Tapi cerita bagus itu sendiri sebenarnya tidak akan membantu banyak dengan sendiri. Butuh satu faktor penting lagi yakni pemasaran. Karena lagipula, bagaimana cerita bagus dapat menjadi populer apabila khalayak tidak pernah mengetahui dia eksis? Sayangnya keengganan sebuah penerbit besar memberi sepeser uang untuk memasarkan komik (bahkan buku populer sekalian), maka tanggung jawab ini mau tidak mau jatuh ke pundak para penggiat industri (komikus sebaiknya fokus berkarya, meski menjadi poin tambahan apabila dia bisa memasarkan komiknya).
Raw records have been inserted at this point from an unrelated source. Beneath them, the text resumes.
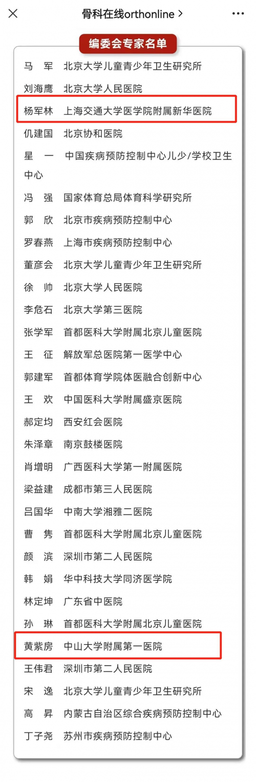 楊軍林教授作為新苗脊柱側(cè)彎首席醫(yī)學(xué)專家、中國醫(yī)師協(xié)會骨科分會小兒脊柱學(xué)組組長、中華預(yù)防醫(yī)學(xué)會脊柱疾病預(yù)防與控制專業(yè)委員會成員,黃紫房醫(yī)生作為新苗醫(yī)療團(tuán)隊特聘專家、中國醫(yī)師協(xié)會骨科分會小兒脊柱學(xué)組委員,深入?yún)⑴c到此次的《指南》編寫中。
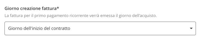 - Data di scadenza della fattura: imposta su Data di inizio abbonamento per allineare i cicli di fatturazione.
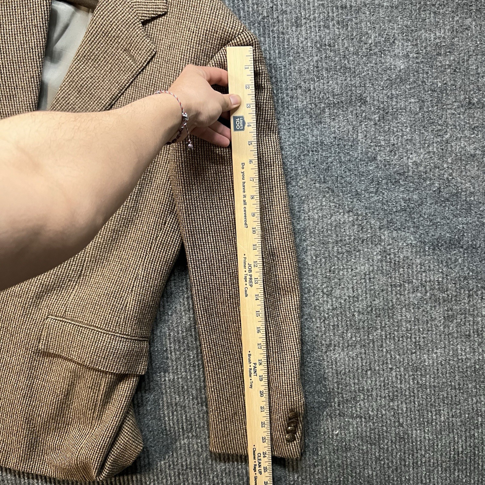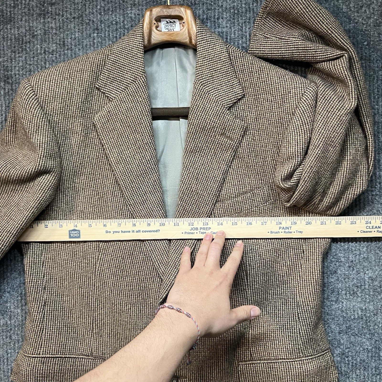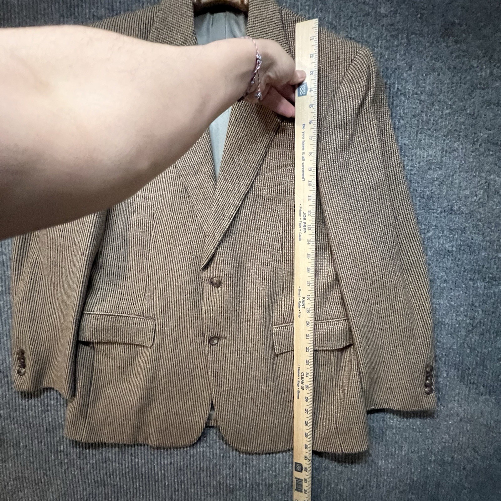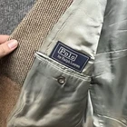 This Polo Ralph Lauren Tweed Blazer Jacket is a stylish and classic piece of men's clothing in a size 40 regular fit. Made in the USA, the brown tweed fabric adds a touch of sophistication to the 2-piece design. Perfect for a dapper and put-together look, this blazer embodies the timeless elegance and quality associated with the Ralph Lauren brand.

Saya rasa apabila jujur, komik dengan cerita yang bagus akan dapat dipasarkan kepada siapapun dan oleh siapapun, terutama mereka yang turut aktif di dalam industri ini terlepas dari perbedaan yang ada. Ketika cerita bagus bertemu dengan pemasaran yang mumpuni, di situlah kemudian industri komik Indonesia mendapat harapan untuk sebuah arah perkembangan yang jelas.
Kembali lagi kepertanyaan yang menjadi judul pos ini: (Akan) Ke Mana Komik Indonesia? Tidak tahu, bagi saya arah industri kita masih memiliki arah yang tidak jelas sampai saat tulisan ini dibuat. Pada saat tulisan ini dibuat, komik Indonesia sedang mengalami perkembangan yang bagi saya cukup cepat, namun sayangnya hingga saat ini hanya ke arah dalam. Agar komik Indonesia dapat memainkan forte nya dalam hal keragaman, dia harus berkembang keluar dalam artian meraih pasar yang di luar dari niche nya saat ini.
Mungkin pembaca sekalian merasa ada banyak hal dari artikel ini yang tidak dijelaskan secara lebih mendetail. Saya pun merasa demikian, dan berpikir alangkah baiknya apabila hal-hal tersebut mendapatkan jatahnya sendiri, menjadi bagian dari rangkaian artikel besar yang membicarakan persoalan komik (dan tentu saja penulisan) Indonesia. Seperti misalnya saja soal pemasaran dan cerita yang bagus, keduanya dapat dirubah menjadi rangkaian artikel yang lebih komprehensif.
Untuk memulainya, saya akan menulis sebuah serial artikel yang membicarakan salah satu topik populer di komik Indonesia: kearifan lokal. Saya berdoa agar terhindar dari tarsok sehingga kawan-kawan yang tertarik secara lebih lanjut tidak perlu lagi menunggu lama seperti artikel ini.